Our operating results are subject to fluctuations in foreign currency exchange rates. We attempt to mitigate a portion of
these risks through foreign currency hedging, based on our judgment of the appropriate trade-offs among risk, opportunity
and expense. We have established a hedging program to partially hedge our exposure to foreign currency exchange rate
fluctuations primarily for the Japanese Yen and the Euro. We regularly review our hedging program and will make
adjustments as necessary based on the judgment factors discussed above. Our hedging activities may not offset more than a
portion of the adverse financial impact resulting from unfavorable movement in foreign currency exchange rates, which could
adversely affect our financial condition or results of operations.
Changes in, or interpretations of, accounting principles could result in unfavorable accounting charges.
We prepare our consolidated financial statements in accordance with accounting principles generally accepted in the
United States of America. These principles are subject to interpretation by the SEC and various bodies formed to interpret
and create appropriate accounting principles. A change in these principles can have a significant effect on our reported results
and may even retroactively affect previously reported transactions. Our accounting principles that recently have been or may
be affected by changes in the accounting principles are as follows:
software revenue recognition;
accounting for stock-based compensation;
accounting for income taxes; and
accounting for business combinations and related goodwill.
In particular, in the first quarter of fiscal 2006, we adopted Statements of Financial Accounting Standards (“SFAS”)
No. 123 (revised 2004) (“SFAS 123R”), “Share-Based Payment” which requires the measurement of all stock-based
compensation to employees, including grants of employee stock options, using a fair-value-based method and the recording
of such expense in our consolidated statements of income. The adoption of SFAS 123R had a significant adverse effect on
our reported financial results. It will continue to significantly adversely affect our reported financial results and may impact
the way in which we conduct our business.

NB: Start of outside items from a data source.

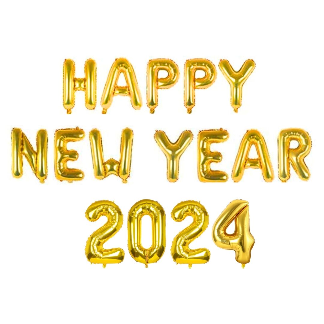 ลูกโป่งวันปีใหม่ ลูกโป่งฟอยล์ Happy New Year 2024 Gold Foil Balloon (16 inches) (Air-filled) (16 pcs) ราคาไม่รวมเป่า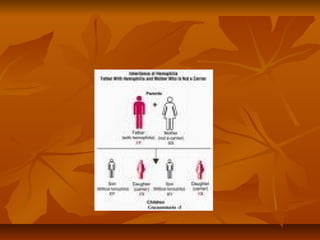 La hemofilia es una enfermedad genética ligada al cromosoma X que causa dificultad en la coagulación de la sangre debido a la deficiencia de factores de coagulación como el factor VIII o IX. Se caracteriza por hemorragias internas y externas. Es hereditaria y se transmite de madres portadoras a hijos. El tratamiento consiste en reemplazar los factores de coagulación deficientes mediante infusiones intravenosas para prevenir y controlar hemorragias.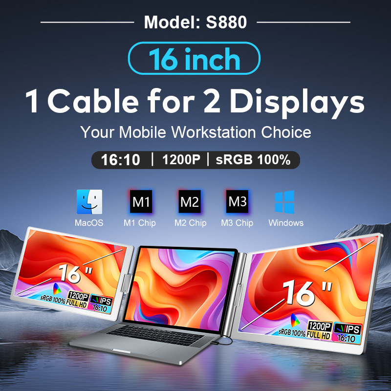 1라인 듀얼 스크린 오피스 휴대용 모니터 등받이 모델 듀얼 스크린 디스플레이 노트북 보조 스크린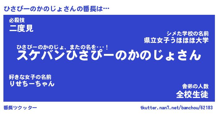 | 伝説のあだ名 | 『不死鳥のスナイパーひさぴーのかのじょ』 |
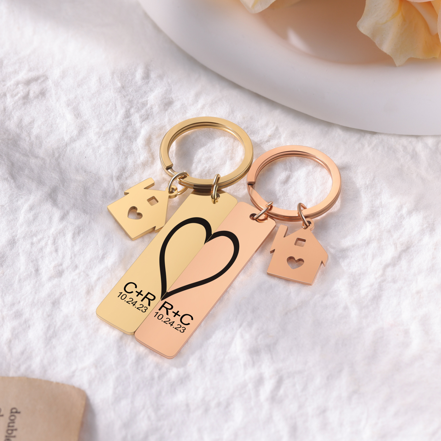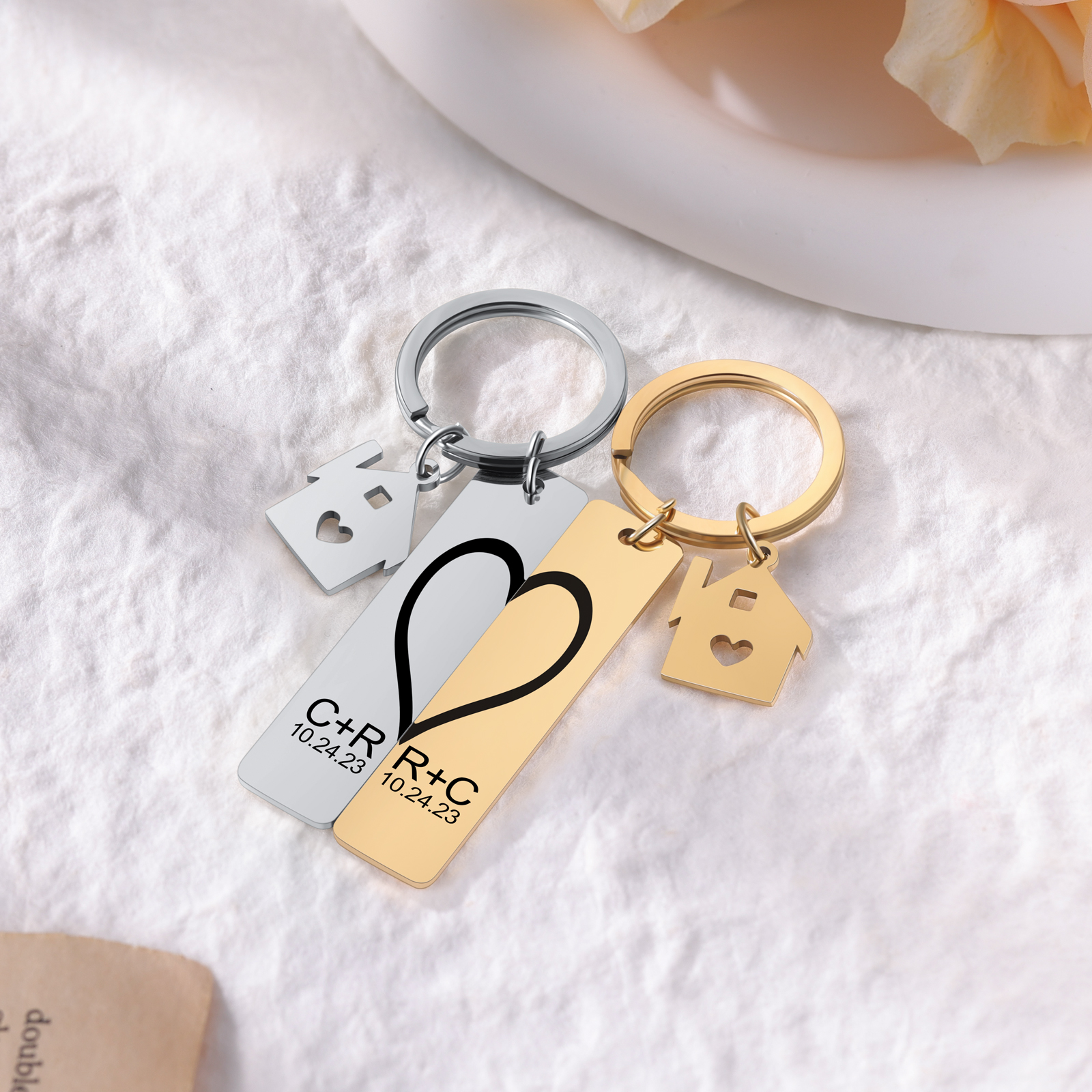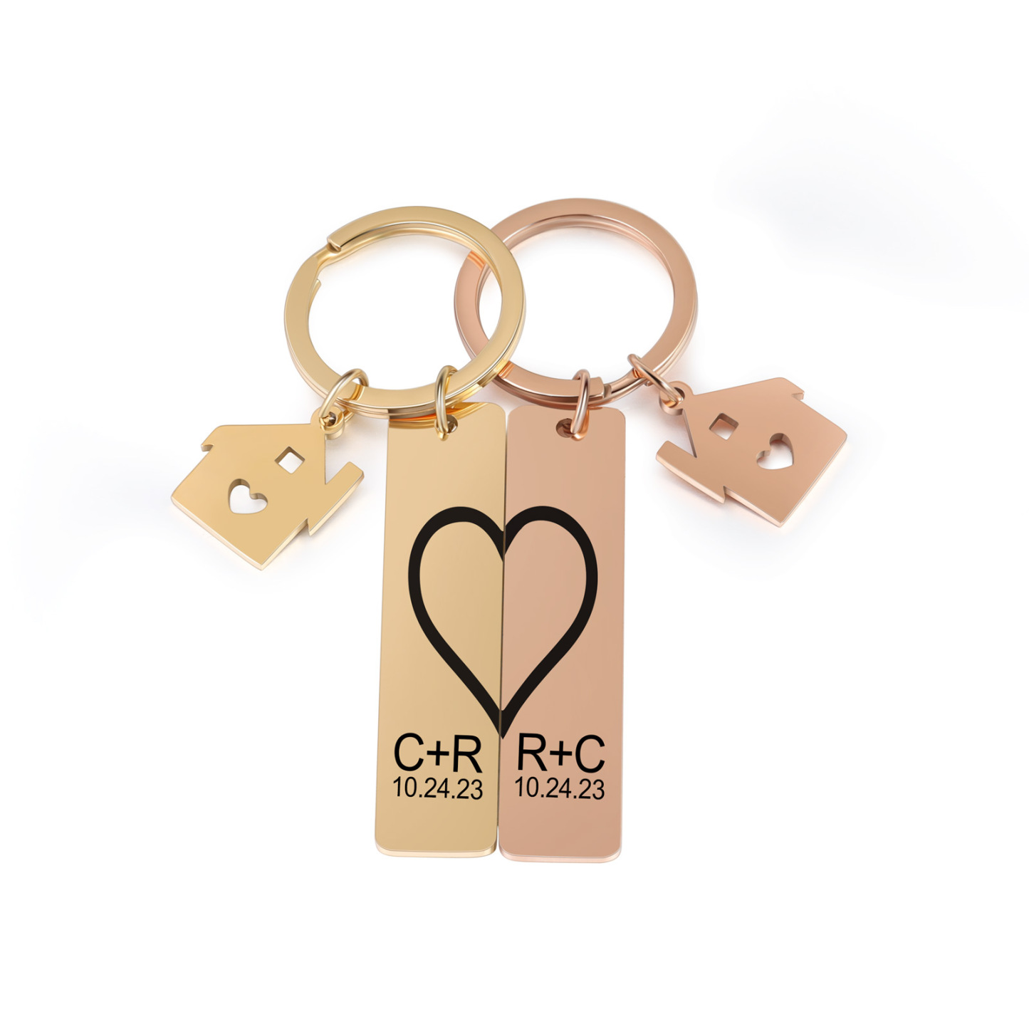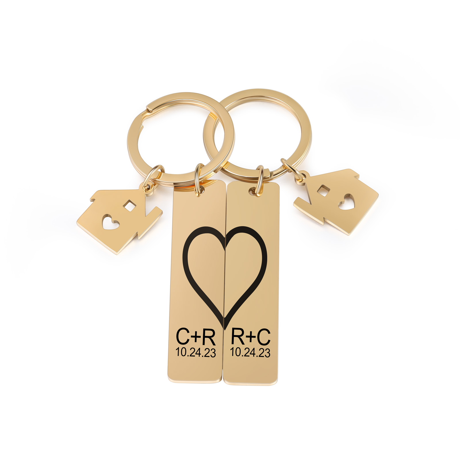 Personalisierbar 2 Buchstaben & 2 Datum- Herz und Herz Zuhause 🏠 Paar Metall-Schlüsselanhänger

If our goodwill or amortizable intangible assets become impaired we may be required to record a significant charge to
earnings.
Under accounting principles generally accepted in the United States of America, we review our amortizable intangible
assets for impairment when events or changes in circumstances indicate the carrying value may not be recoverable. Goodwill
is required to be tested for impairment at least annually. Factors that may be considered a change in circumstances indicating
that the carrying value of our goodwill or amortizable intangible assets may not be recoverable include a decline in stock
price and market capitalization, future cash flows, and slower growth rates in our industry. We may be required to record a
significant charge to earnings in our financial statements during the period in which any impairment of our goodwill or
amortizable intangible assets is determined, resulting in an impact on our results of operations. In particular, our Mobile and
Device Solutions segment, which primarily consists of assets acquired in the Macromedia acquisition, is in an emerging
market with high growth potential. Revenue is based on the introduction of new products and future royalties. If future
revenue or revenue forecasts for this segment do not meet our expectations, we will be required to record a charge to earnings
reflecting an impairment of this recorded goodwill or intangible assets.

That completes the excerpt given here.